静岡県牧之原市から吉田町にかけ猛威を振るった竜巻。吉田町によりますと9月5日午後1時ごろ、吉田ショッピングガーデンの駐車場で軽四貨物自動車が横転し、乗っていた静岡県藤枝市の50代男性が死亡したということです。

竜巻の影響はさまざまな場所に広がっています。将棋の藤井聡太七冠が、タイトル6連覇を目指す「王位戦」七番勝負。第6局は静岡県牧之原市の平田寺で予定されていましたが、東京の将棋会館に会場が変更されました。

気象庁は、その風速が約75メートルだったと推定されると発表しました。突風の強さを6段階で示す「改良藤田スケール」では上から3番目にあたる「JEF3」に該当し、本州では初めての認定で国内最大規模だったとしています。

<社会部 野田栞里記者>
「竜巻の被害に遭った牧之原市細江です。こちらの農業用のビニールハウスなんですが鉄製の骨組みが押しつぶされるようにぺしゃんこになっています」

細江地区でイチゴを15年育てる杉山泰行さんは、2025年9月末、イチゴの苗3万本をこのハウスに植え替える予定で準備を進めていました。

<杉山泰行さん>
「ここは入れないですね」

<野田記者>
「扉が歪んでる」

<杉山さん>
「隣のハウスなら」

<野田記者>
「失礼します、うわあ」

<杉山さん>
「何も言葉が出なくて。信じられなくて」

ハウスの中心にある梁の部分は根元から傾いていました。

<野田記者>
「ぐっと曲がっていますね。この分だけずれ動いたってことですよね」

<杉山さん>
「垂直だったのにね」

ハウスの立て直しには約3000万円かかるほか、栽培ができないため今シーズンの直売所での販売は取りやめる予定で、売上額としては2000万円ほどの損失を見込んでいるそうです。しかし、少し離れた場所にあるイチゴの苗自体は間一髪、竜巻の被害を逃れていました。

<杉山さん>
「生産者としてはすごくうれしいですけど、ただ植える場所がないわけなので」

不安に苛まれながらも杉山さんは2026年のシーズンに向け作業を続けるということです。

<杉山さん>
「これで辞めたら一生後悔すると思うので、いままでの15年をなくしたくないので、大変だろうけど、一からやり直したいと思います」

国内最大級とされる竜巻の深い爪痕。いまだに多くの人たちが日常を取り戻せないままとなっています。

<LIVEしずおか 滝澤悠希キャスター>
まずは今、ニュースでも触れた日本版改良藤田スケールについてです。突風の強さを6段階で示すもので、2016年4月から運用が始まりました。今回の牧之原の竜巻は、風速が約75メートルと推定されますので、この数字に当てはまりますよね。
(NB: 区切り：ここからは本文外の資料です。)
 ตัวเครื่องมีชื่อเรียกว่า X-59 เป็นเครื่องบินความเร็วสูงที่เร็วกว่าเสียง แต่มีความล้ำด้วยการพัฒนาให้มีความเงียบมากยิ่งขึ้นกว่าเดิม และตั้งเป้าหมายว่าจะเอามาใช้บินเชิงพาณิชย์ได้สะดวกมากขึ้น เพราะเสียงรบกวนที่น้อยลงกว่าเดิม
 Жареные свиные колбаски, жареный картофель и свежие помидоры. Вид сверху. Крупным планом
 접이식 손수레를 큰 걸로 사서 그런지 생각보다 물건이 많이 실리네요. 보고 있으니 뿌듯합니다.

そのため、JEF3という風に発表がされました。JEF3と認められたのは、国内では2例目で、1例目が沖縄だったので、本州では初ということになります。JEF4以上の事象というのはこれまでにないので、国内最大級だったと判断されたわけです。なぜこういう指標を使うのでしょうか。

<久留嶋怜気象予報士>
そもそも竜巻という現象は、10分程度を短時間で、そして100メートル程度の比較的小規模な現象ですので、風速計のあるところを通るということがほとんどないんです。仮に風速計のあるところを通ったとしても、竜巻の風があまりに強すぎて風速計が壊れてしまうため、観測ができないんです。
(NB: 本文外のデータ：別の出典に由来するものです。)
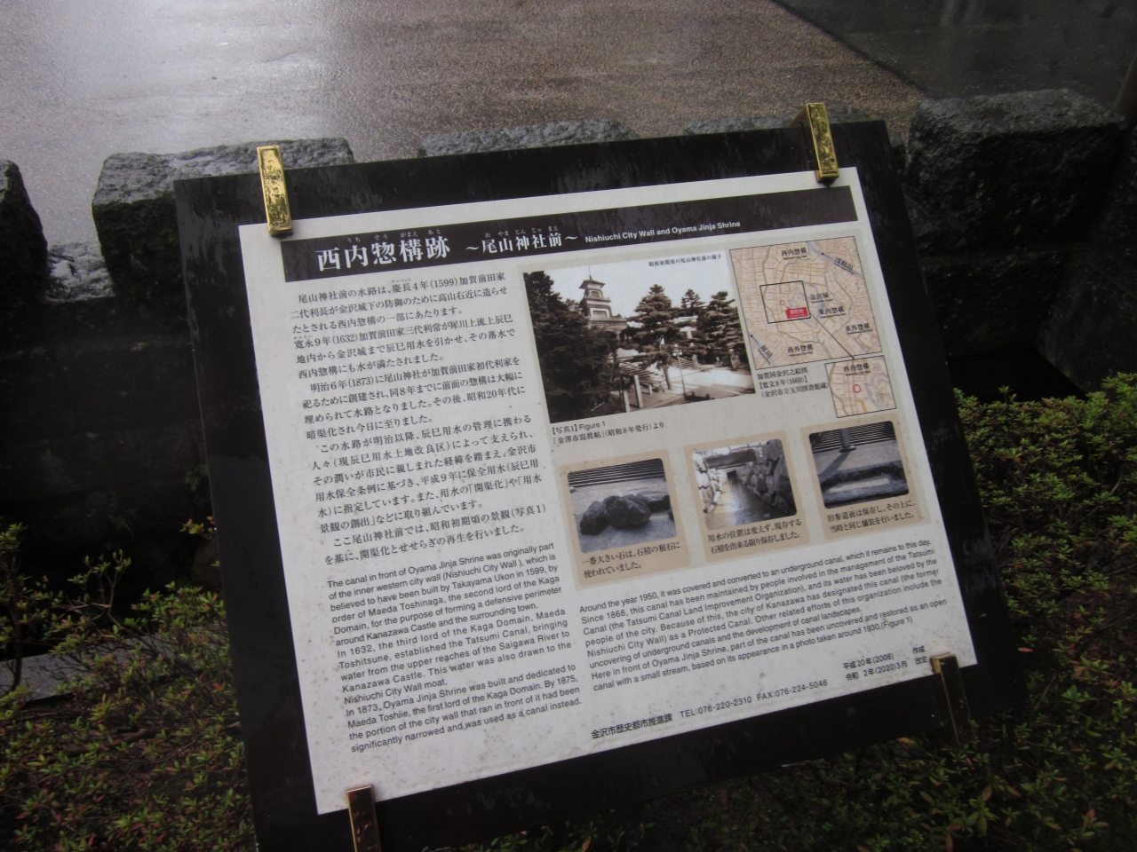境内を歩いていると、金沢城惣構跡の案内の看板がありました。後からネットでも調べて見ましたが、この辺り一帯は、金沢城の外壁があったようで、その大きさも物凄い範囲のようだったようです。もちろん、尾山神社の周辺もあったようです。そう考えると、金沢は、歴史ある凄い場所なんだと感心しますね。もちろん、兼六園も外壁の中に入っています。

そのため、被害状況から風速を推定するという手段をとり、それが藤田スケールにあたります。今回の牧之原市の竜巻で、被害状況として鉄骨でできた建物の外壁が飛び散ったことが確認されました。そのため、それに該当するJEF3と認定され、風速が推定されたということです。

<滝澤キャスター>
被害状況から風速を推定する仕組みなんですね。そして、被災地では9日夜から雨が心配ですね。

<久留嶋気象予報士>
そうですね。9月10日の未明から雨が降る可能性が出てきています。詳しい雨の予想です。午前3時頃、牧之原市で雨が予想されています。
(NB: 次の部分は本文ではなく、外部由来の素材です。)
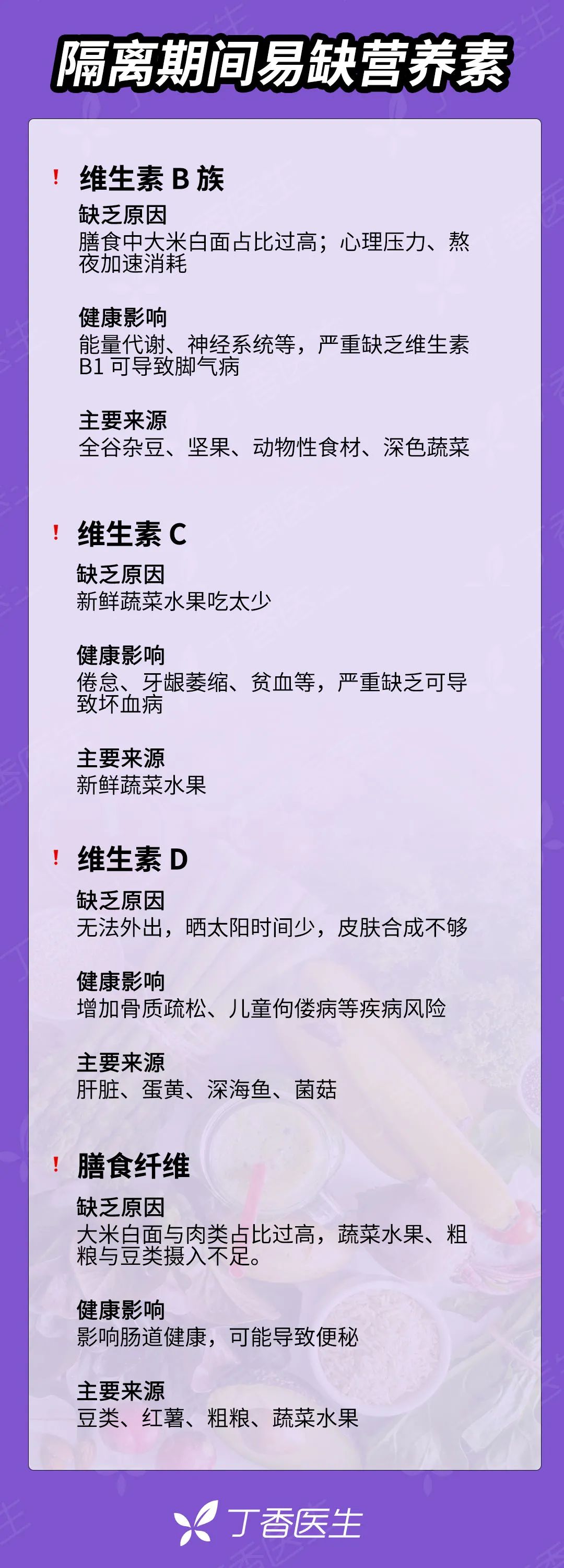疫情隔离中,这些营养素比较容易缺乏,需要重点关注:

その後、朝にかけては雨はやんでいる予想となっているんですが、再び昼前になりますと雨雲が湧いてきて、牧之原市では午後になると雨雲がかかる予想となっています。吉田町のあたりでも、沿岸部を中心に雨が降ってくる可能性があります。

<滝澤キャスター>
被災地ではいろいろと準備を進めないといけないですね。

<久留嶋気象予報士>
そうですね。水に弱いものは対策をした方が安心です。